> _WHAT TO DO_: Nothing but the text of the records should come back; copy it exactly and leave the pictures out.

-- INPUT DATA follows --

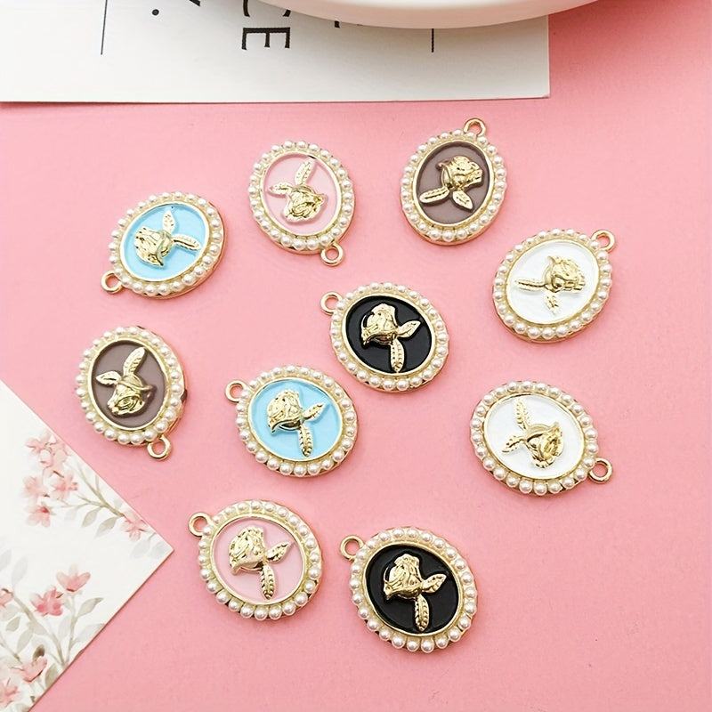 Elevate your jewelry making projects with these cute rabbit pattern charms. Ideal for bracelets, earrings, necklaces, and more. Made of durable zinc alloy with enamel finish. Each charm is 16X21mm in size and features a lovely pearl detail.
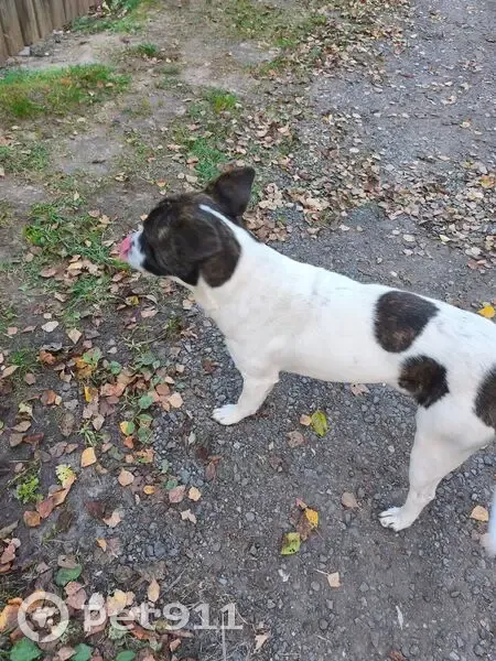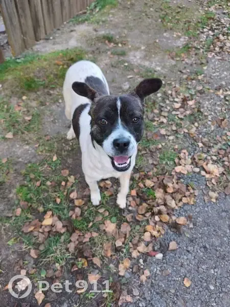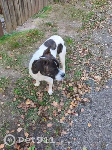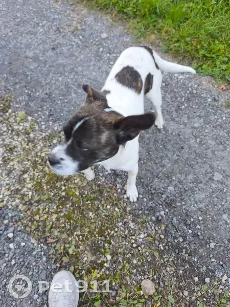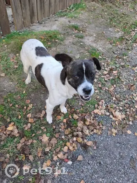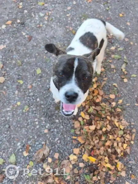 Кобель, молодой, окрас белый с тигровым, похож на питбуля, ласковый, умный, был с ошейником, потом потерял. Бегает по всем дачам, пытается найти хозяев.
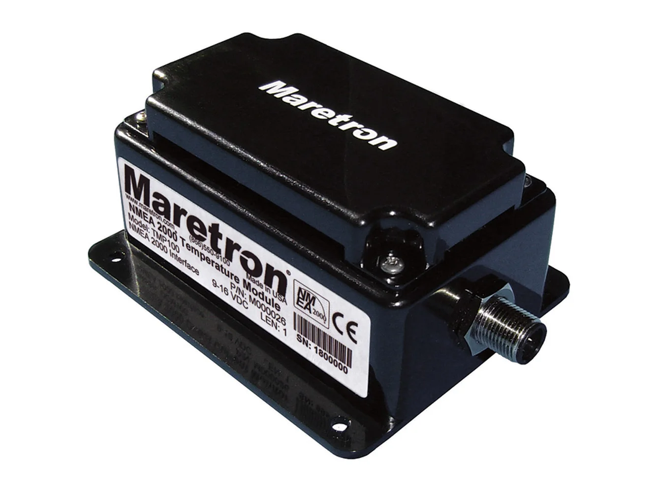 Maretron’s TMP100 measures the temperature for up to 6 temperature probes and reports the information over an NMEA 2000 network. The TMP100 supports up to 4 thermistor probes and 2 high temperature thermocouple probes. Optional thermistor probes (-20 deg. C to 80 deg. C or -4 deg. F to 176 deg. F) cover a wide range of applications including cabin air temperature, engine room air temperature, refrigerator/freezer temperature, under bolt temperature (inverters, charges, pumps, motors, etc), tank temperatures (live well bait, hot water, etc) and air duct temperatures. The optimal thermocouple probes (0 deg. C to 900 deg. C or 32 deg. F to 1652 deg. F) are used to measure Exhaust Gas Temperature (EGT) as part of a comprehensive fuel management system.
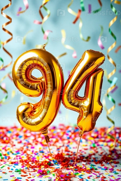Гелий день рождения воздушный шар формы номер девяносто четыре, золотые буквы фигура 94 праздник праздничный фон декор
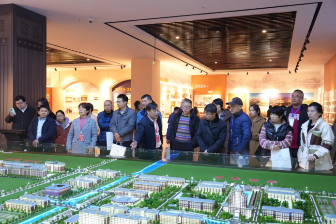 会后,J9国际站 J9科技集团董事长张福德、总经理唐佩随队和与会人员一起参观了南通理工学院的数智展馆、张謇教育文化馆等地并合影留念。
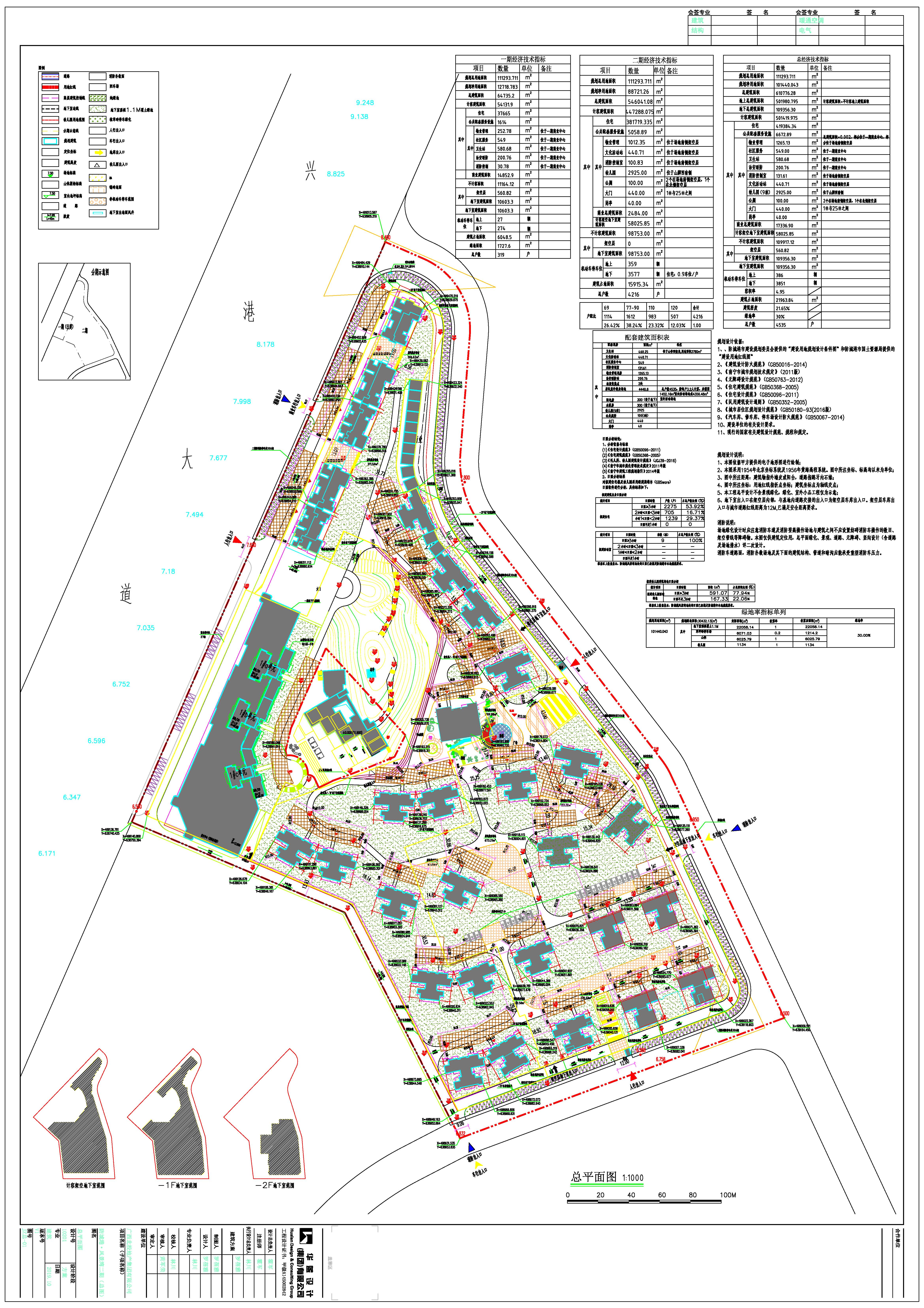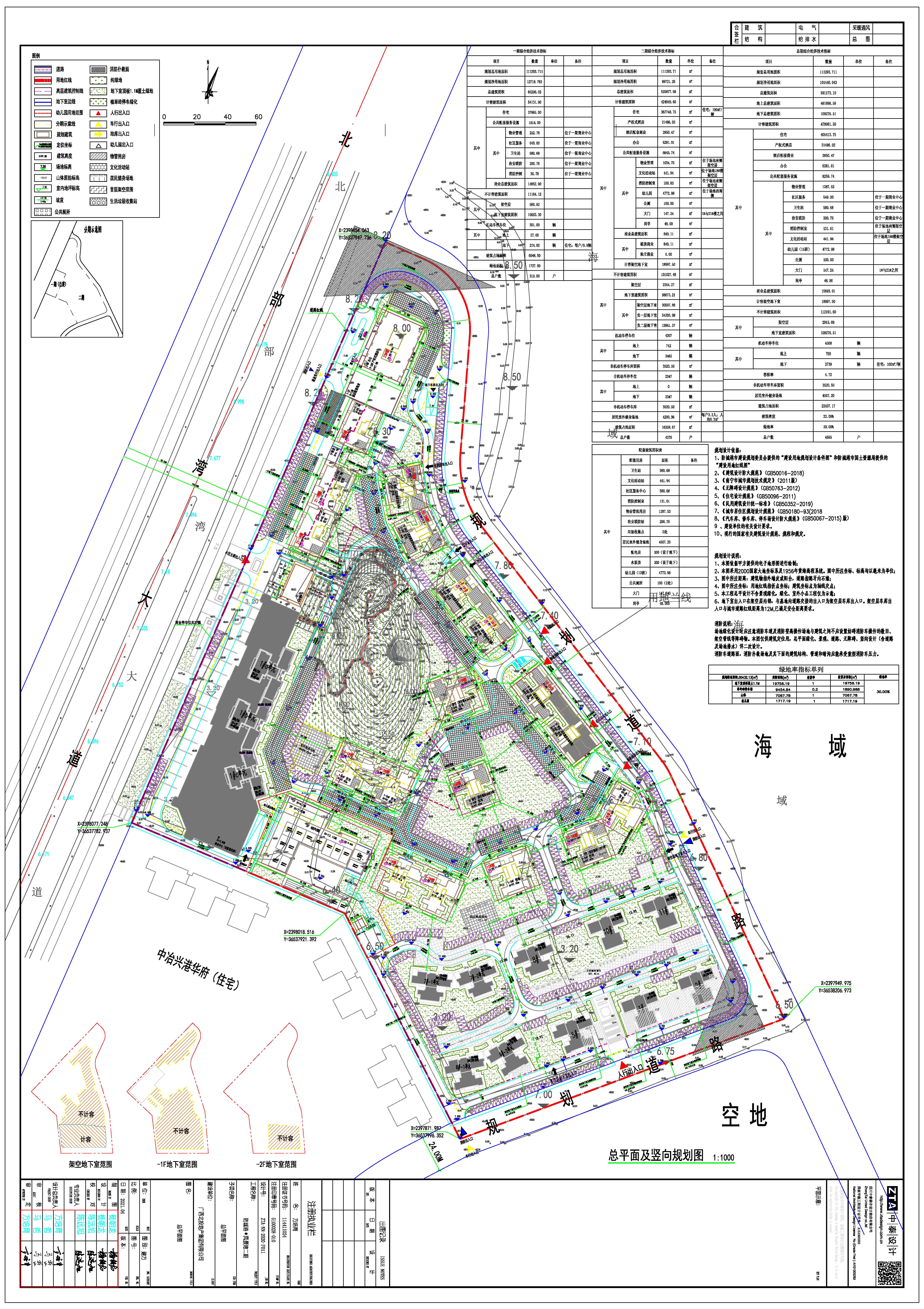 (二)总平面规划设计方案:总用地面积111293.711㎡,净用地面积101440.043㎡,总建筑面积591173.10㎡,计容建筑面积478981.50㎡〔其中住宅405413.75㎡,产权式酒店21486.02㎡(须补充土地变更手续),酒店配套商业2850.47㎡,办公6281.01㎡,物业管理1287.53㎡,社区服务549.00㎡,卫生站580.68㎡,治安联防200.76㎡,消防控制室131.61㎡,文化活动站441.94㎡,幼儿园4772.98㎡,公厕100.00㎡,大门147.24㎡,岗亭48.00㎡,商业总建筑面积15693.01㎡,计容架空地下室18997.50㎡〕,不计容建筑面积112191.60㎡(其中架空层2915.09㎡,地下室建筑面积109276.51㎡),容积率为4.72,建筑密度为22.09%,绿地率为30.00%,机动车停车位4508个(地上769个,地下3739个),规划总户数为4695户。
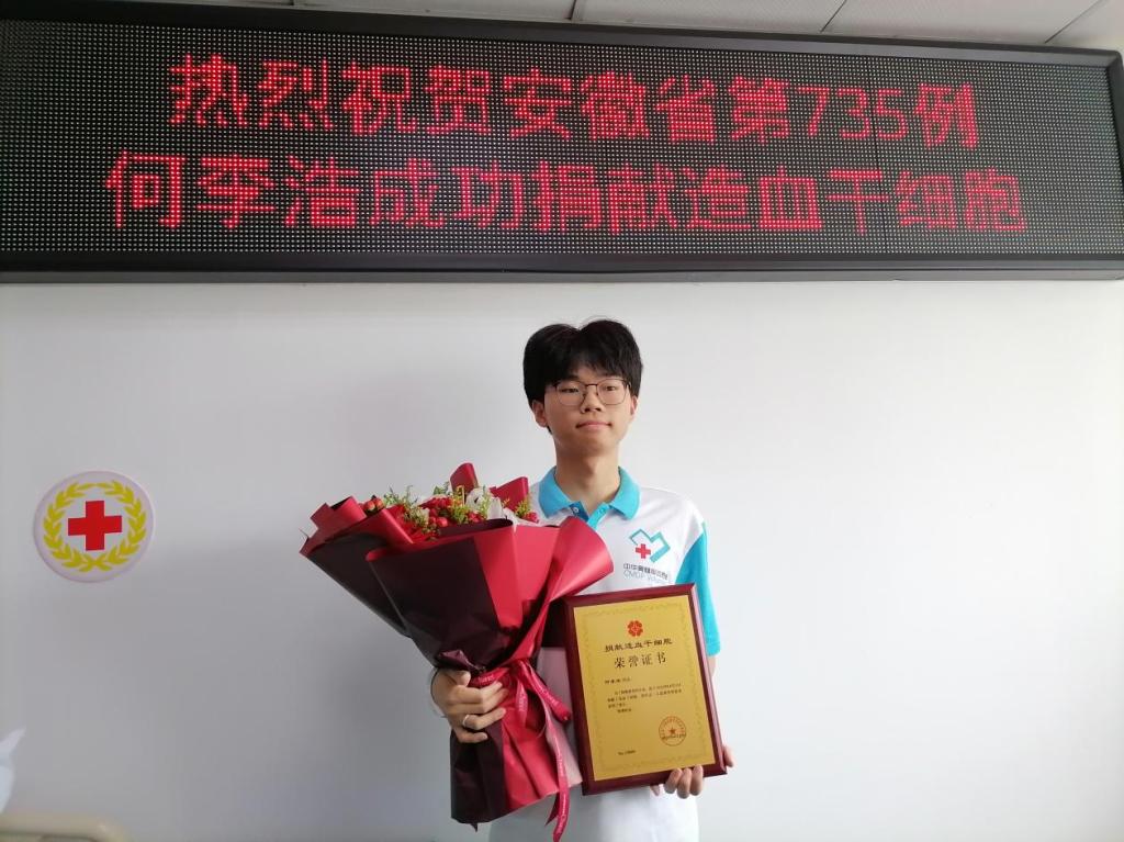 今年2月25日,刚开学第10天,何李浩突然接到市红十字会工作人员的电话,告知他与一名身患白血病的小男孩配型成功,希望能够得到他的造血干细胞捐献。通话结束后,何李浩的第一反应是这会不会是一种新型骗局?学校常态化地开展反诈防骗宣传教育,让他立即联系辅导员报告核实,同时也和学校上一位捐献的学长了解情况。何李浩确定事情的真实性,同时还了解到此次配型成功的概率是几十万分之一,这让何李浩突然意识到捐献造血干细胞是两条平行生命轨迹的交汇。在征得家人理解和支持后,何李浩坚定地选择捐献。经过捐前体检、身体锻炼、合理饮食、规律作息,于4月11日上午11点30分完成造血干细胞的捐献。学校对何李浩捐献的爱心和善举高度重视并予以大力支持。捐献当天,学院党委副书记、纪委书记、副院长孔洋波和辅导员第一时间专程前往看望和慰问。
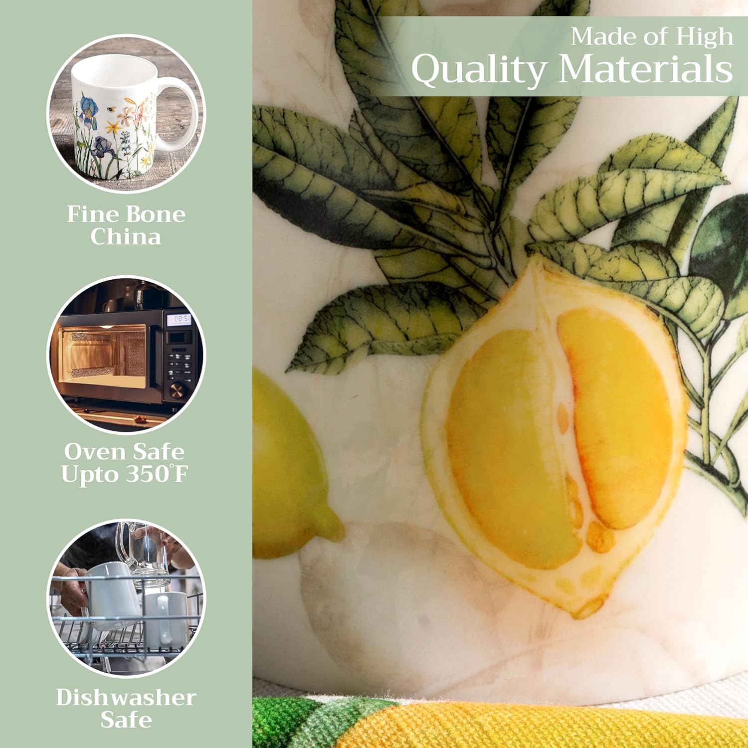 Maison d' Hermine Coffee Mug with Handles Fine Bone China Mugs Pack of Two Tea Cups for Hot Beverages Cappuccino Latte Home Restaurant Office Perfect for Gift (Limoncello, 12 Ounce)
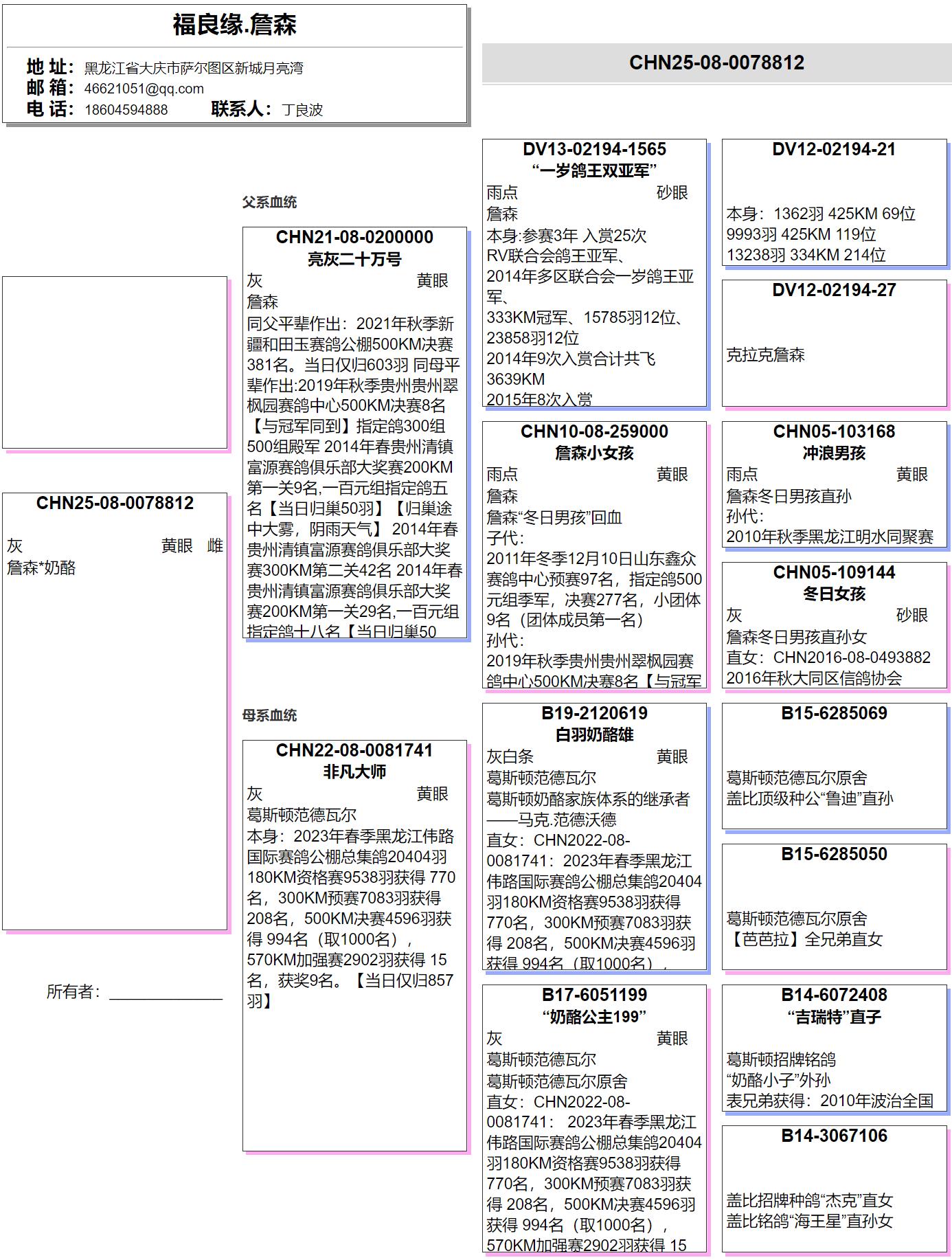 曾外祖父:B14-6072408 葛斯頓招牌銘鴿“奶酪小子”外孫
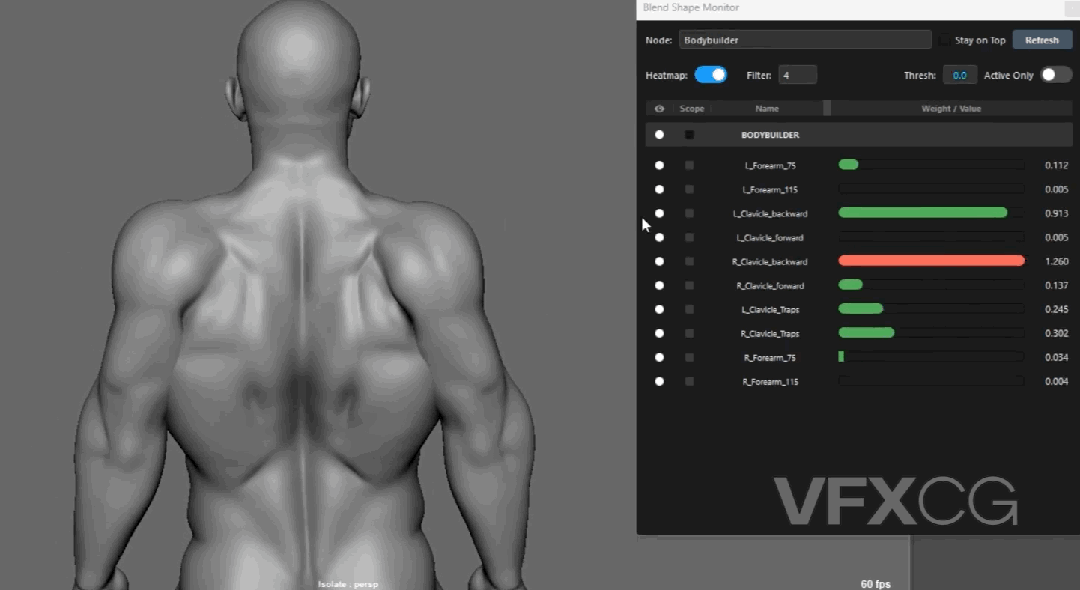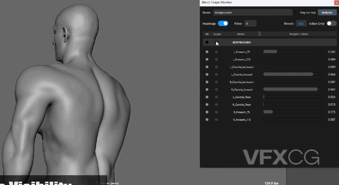 Blendshape Monitor 做到了:在动画播放的同时,视口里的权重可视化会实时同步。你不需要停下来,看着颜色随着角色动作流动,任何瞬间的权重异常、闪烁,都能在播放过程中直接捕捉到。这就相当于给动画做了一次实时的心电图监测。

-- INPUT DATA concluded --

> _ANSWER TO THE EXERCISE_:
 Elevate your jewelry making projects with these cute rabbit pattern charms. Ideal for bracelets, earrings, necklaces, and more. Made of durable zinc alloy with enamel finish. Each charm is 16X21mm in size and features a lovely pearl detail.
 Кобель, молодой, окрас белый с тигровым, похож на питбуля, ласковый, умный, был с ошейником, потом потерял. Бегает по всем дачам, пытается найти хозяев.
 Maretron’s TMP100 measures the temperature for up to 6 temperature probes and reports the information over an NMEA 2000 network. The TMP100 supports up to 4 thermistor probes and 2 high temperature thermocouple probes. Optional thermistor probes (-20 deg. C to 80 deg. C or -4 deg. F to 176 deg. F) cover a wide range of applications including cabin air temperature, engine room air temperature, refrigerator/freezer temperature, under bolt temperature (inverters, charges, pumps, motors, etc), tank temperatures (live well bait, hot water, etc) and air duct temperatures. The optimal thermocouple probes (0 deg. C to 900 deg. C or 32 deg. F to 1652 deg. F) are used to measure Exhaust Gas Temperature (EGT) as part of a comprehensive fuel management system.
Гелий день рождения воздушный шар формы номер девяносто четыре, золотые буквы фигура 94 праздник праздничный фон декор
 会后,J9国际站 J9科技集团董事长张福德、总经理唐佩随队和与会人员一起参观了南通理工学院的数智展馆、张謇教育文化馆等地并合影留念。
 (二)总平面规划设计方案:总用地面积111293.711㎡,净用地面积101440.043㎡,总建筑面积591173.10㎡,计容建筑面积478981.50㎡〔其中住宅405413.75㎡,产权式酒店21486.02㎡(须补充土地变更手续),酒店配套商业2850.47㎡,办公6281.01㎡,物业管理1287.53㎡,社区服务549.00㎡,卫生站580.68㎡,治安联防200.76㎡,消防控制室131.61㎡,文化活动站441.94㎡,幼儿园4772.98㎡,公厕100.00㎡,大门147.24㎡,岗亭48.00㎡,商业总建筑面积15693.01㎡,计容架空地下室18997.50㎡〕,不计容建筑面积112191.60㎡(其中架空层2915.09㎡,地下室建筑面积109276.51㎡),容积率为4.72,建筑密度为22.09%,绿地率为30.00%,机动车停车位4508个(地上769个,地下3739个),规划总户数为4695户。
 今年2月25日,刚开学第10天,何李浩突然接到市红十字会工作人员的电话,告知他与一名身患白血病的小男孩配型成功,希望能够得到他的造血干细胞捐献。通话结束后,何李浩的第一反应是这会不会是一种新型骗局?学校常态化地开展反诈防骗宣传教育,让他立即联系辅导员报告核实,同时也和学校上一位捐献的学长了解情况。何李浩确定事情的真实性,同时还了解到此次配型成功的概率是几十万分之一,这让何李浩突然意识到捐献造血干细胞是两条平行生命轨迹的交汇。在征得家人理解和支持后,何李浩坚定地选择捐献。经过捐前体检、身体锻炼、合理饮食、规律作息,于4月11日上午11点30分完成造血干细胞的捐献。学校对何李浩捐献的爱心和善举高度重视并予以大力支持。捐献当天,学院党委副书记、纪委书记、副院长孔洋波和辅导员第一时间专程前往看望和慰问。
 Maison d' Hermine Coffee Mug with Handles Fine Bone China Mugs Pack of Two Tea Cups for Hot Beverages Cappuccino Latte Home Restaurant Office Perfect for Gift (Limoncello, 12 Ounce)
 曾外祖父:B14-6072408 葛斯頓招牌銘鴿“奶酪小子”外孫
 Blendshape Monitor 做到了:在动画播放的同时,视口里的权重可视化会实时同步。你不需要停下来,看着颜色随着角色动作流动,任何瞬间的权重异常、闪烁,都能在播放过程中直接捕捉到。这就相当于给动画做了一次实时的心电图监测。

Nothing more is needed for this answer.